Some countries elect their president directly, others indirectly through an electoral college. In either case, proportional representation is irrelevant, for the reason already given, namely that the person elected cannot be male, female, black, white, straight, gay, Christian, or Muslim in the same proportions as the population. There is only one of him (her). The electoral rule for the election of the president of Ireland is described on a government website as follows: “The Presidential election is by secret ballot and based on proportional representation by the single transferable vote” (Government of Ireland 2016).

This is a category mistake. A presidential election cannot use proportional representation. The actual Irish system is what is known in the UK as alternative vote, in Australia as preferential voting, and in the USA as instant runoff. Under any of these names, each voter ranks the candidates. If one candidate wins more than 50 percent of the first places, s/he is elected. If not, candidates with the fewest first preferences are eliminated in succession and their supporters’ next available preferences, if any, are transferred until one candidate has more than half of the remaining valid votes.

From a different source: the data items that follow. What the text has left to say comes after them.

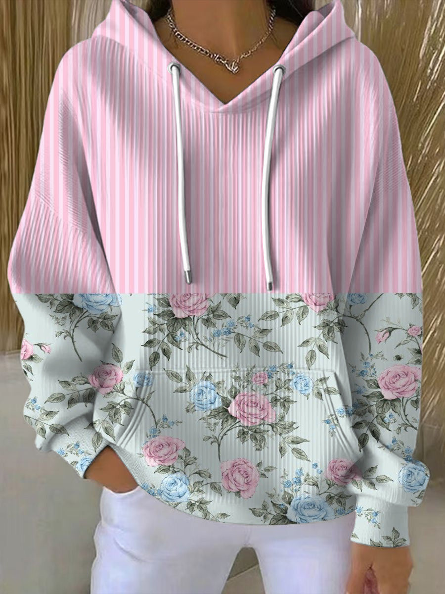 Dámské sladké růžovékvětinová dvoutónová mikina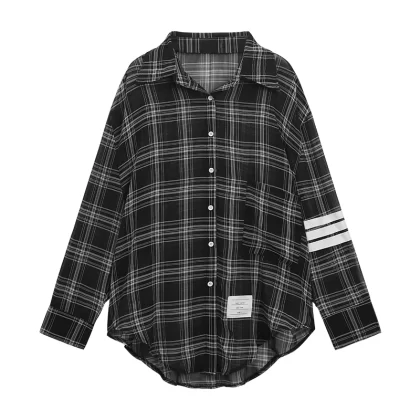 Plaid spring hot girl design long-sleeved sun protection shirt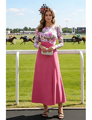 Tubino Colonna Lunghezza alla caviglia Abiti da Cocktail Abiti da festa Elegante Madre della sposa Manica Lunga Colletto a Camicia Matrimonio Formale Nylon con Stampa floreale

A cousin of this method is the French runoff system. In the first round anybody may stand. If nobody gets more than half of the votes cast, a second round is held a few days later, to which only the top two vote-getters from the first round go forward. The winner at the second round is elected.

Alternative vote and runoff systems are very similar. The main difference is that in a runoff system voters have more information. Before the second round, they know how the first-round ballots were cast. More information is good in itself, but it also gives more incentives to strategic behavior.

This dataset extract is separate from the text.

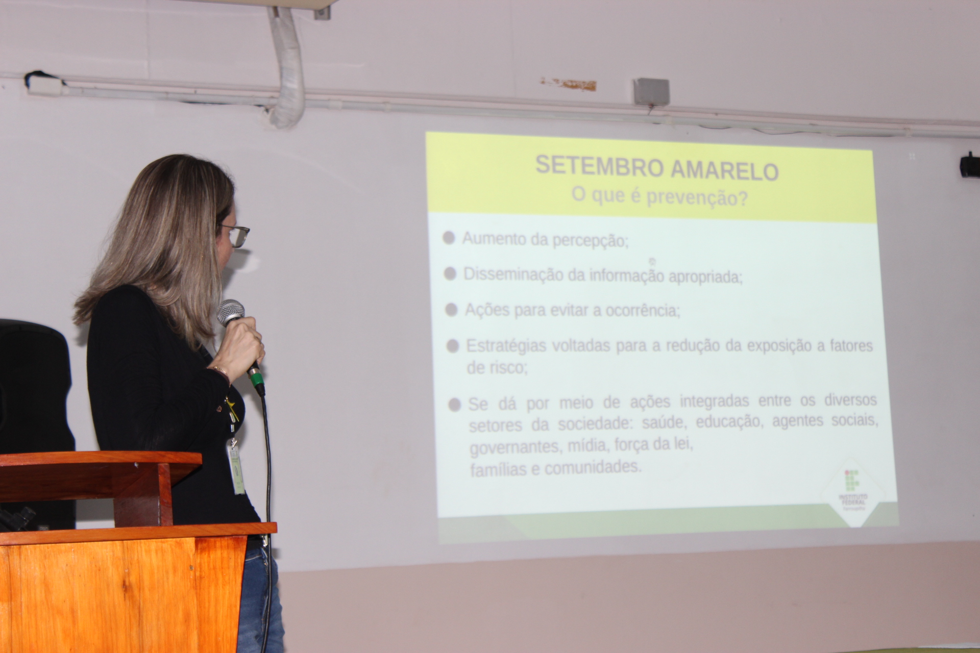 A formação sobre o tema foi uma das atividades relacionadas ao Setembro Amarelo, que ainda terá rodas de conversas com os discentes do Campus e intervenções em sala de aula para difundir a ideia de que "Falar de suicídio não é tabu".

This subtle difference pales into insignificance, compared to the enormous defect of both systems, which is as follows: There is no guarantee that the person elected is either the Condorcet or the (sincere) Borda winner. As noted, the Condorcet and Borda principles are not wholly compatible, but nobody has suggested a credible rival criterion for determining the “true” majority winner when there are more than two candidates. To see why they violate both criteria, consider a candidate who is everyone’s second preference. In a unidimensional world where the median vote theorem (above) applies, it is quite likely that such a person will exist: a centrist whose own first preferences are meagre, but whom both Bachians and Beliebers, left- and right-wing voters …, prefer to the standard-bearer of the other side.

Such a candidate is likely to be the Borda winner because she scores, on average, highest on voters’ ballot papers. She is likely to be the Condorcet winner because in a tournament of pairwise comparisons, she would win them all. This is an implication of the median vote theorem. But under either alternative vote or a runoff system, such a candidate is likely to be eliminated after the first round. Balinski and Laraki (2010) show from survey data that this has very likely happened in recent French presidential elections.

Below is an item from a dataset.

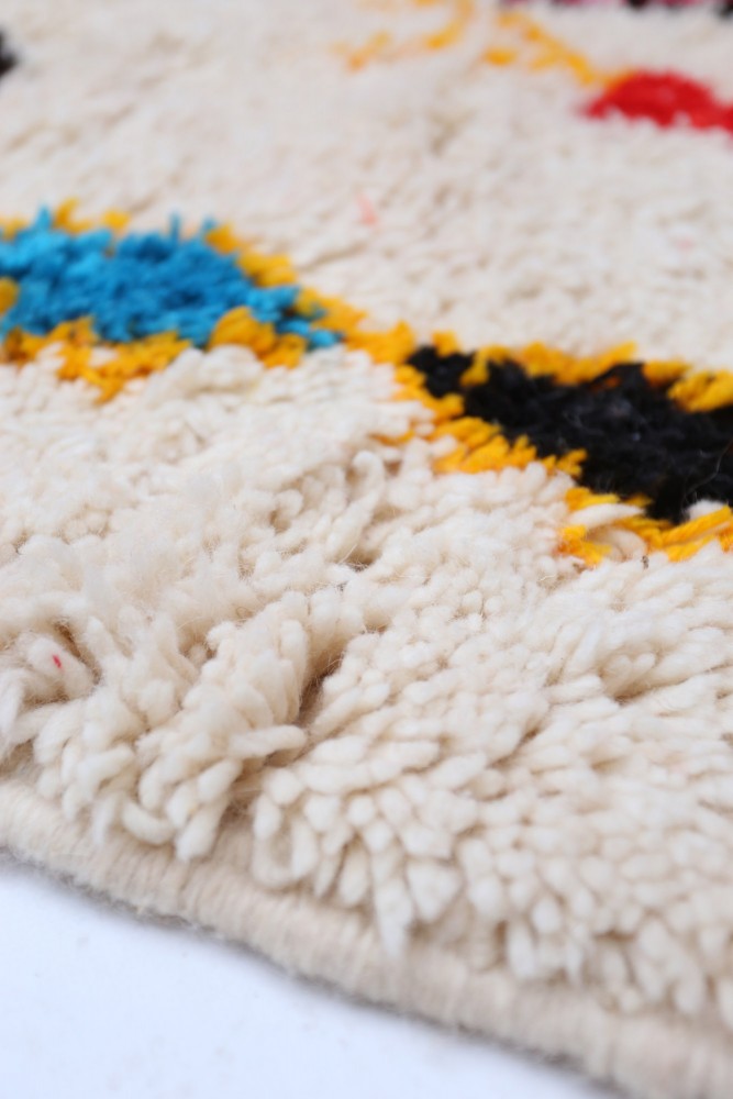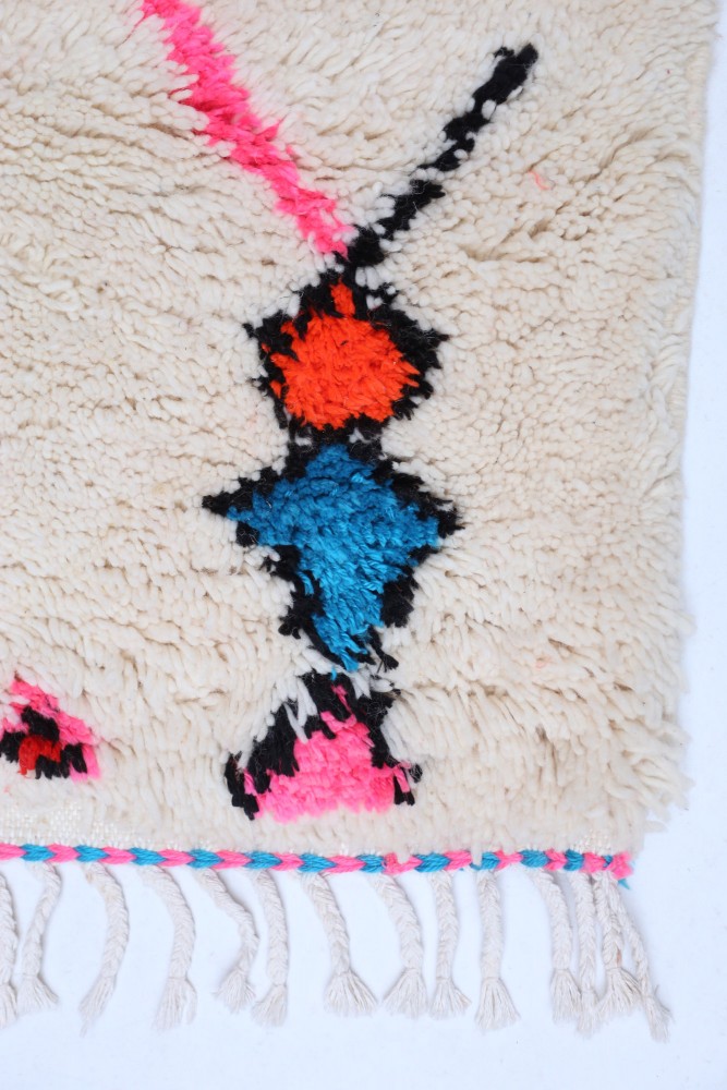 Questo tappeto berbero chiamato Azilal prende il nome dalla regione di Azilal in Marocco, dove è stato realizzato a mano su un telaio tradizionale in legno. I suoi motivi rappresentano gli stati d'animo, gli amori, i dolori della tessitrice al momento della sua creazione. Una volta che questo tappeto berbero colorato è stato creato, ne creerà un altro completamente diverso, in base alle sue emozioni del momento. Ogni pezzo è quindi unico.

Although elimination rules are bad, they are not the very worst of rules which purport to be democratic. They are better than plurality rule (“first-past-the-post”), under which first preferences for all candidates are counted, and the modal candidate is elected. The modal candidate is the most popular single candidate, whether or not she has won over 50 percent of the vote. For an election to a single post, this is even worse than an elimination rule. At least an elimination rule cannot choose a Condorcet or Borda loser (namely, a candidate who loses every pairwise contest, and a candidate with the lowest average score. In the elimination round the successful candidate must have beaten one other, and therefore cannot be a Condorcet or Borda loser). First-past-the-post can select a Condorcet or Borda loser. It is therefore highly problematic for elections to a single post. It has a role in elections to a legislature, discussed below.

Therefore, for direct elections of one person, the systems to consider are either approval voting or Balinski–Laraki. Neither is clearly better than the other, but both are better than elimination systems or first-past-the-post.

Several democracies elect their president indirectly. Germany and the USA are two examples. Under the German Basic Law of 1949, which was enacted under the tutelage of the post-war Allied powers, the president is elected by a Federal Convention, which meets for that sole purpose: “The Federal Convention shall consist of the Members of the Bundestag and an equal number of members elected by the parliaments of the Länder on the basis of proportional representation” (Federal Law Gazette 2014). This is a huge advance on the US Constitution, which provides for an Electoral College to elect the president. The Electoral College was one of the most contested items in the Federal Convention in Philadelphia in 1787. It was intended to assemble an intermediate body of wise men who would elect the president. It has never worked like that. American voters, when they vote in a presidential election, are technically voting for their state’s electors, not for the president. Since 1800, would-be electors have announced who they will support. This combines with the non-constitutional convention of winner-takes-all for Electoral College votes. In almost every state, the plurality-winning state wins that state’s entire Electoral College vote. This is one reason (there are many) why election inversions occur. An election inversion occurs when the winner of the presidential election is not the popular vote winner. The most momentous such inversion was in 1860, when Abraham Lincoln not only got less than 40 percent of the popular vote, but would have won in the Electoral College even in a straight fight with Stephen Douglas, who was the Condorcet and Borda winner among the four candidates. There were election inversions in 2000 and 2016. In 2016, Hillary Clinton (Democrat) got more popular votes than Donald Trump (Republican), who was elected. The US Electoral College has no friends among electoral system scholars (if that matters), but because part of the arrangement is in the Constitution, it is unlikely to be revised (see further Peirce and Longley 1981; Miller 2012).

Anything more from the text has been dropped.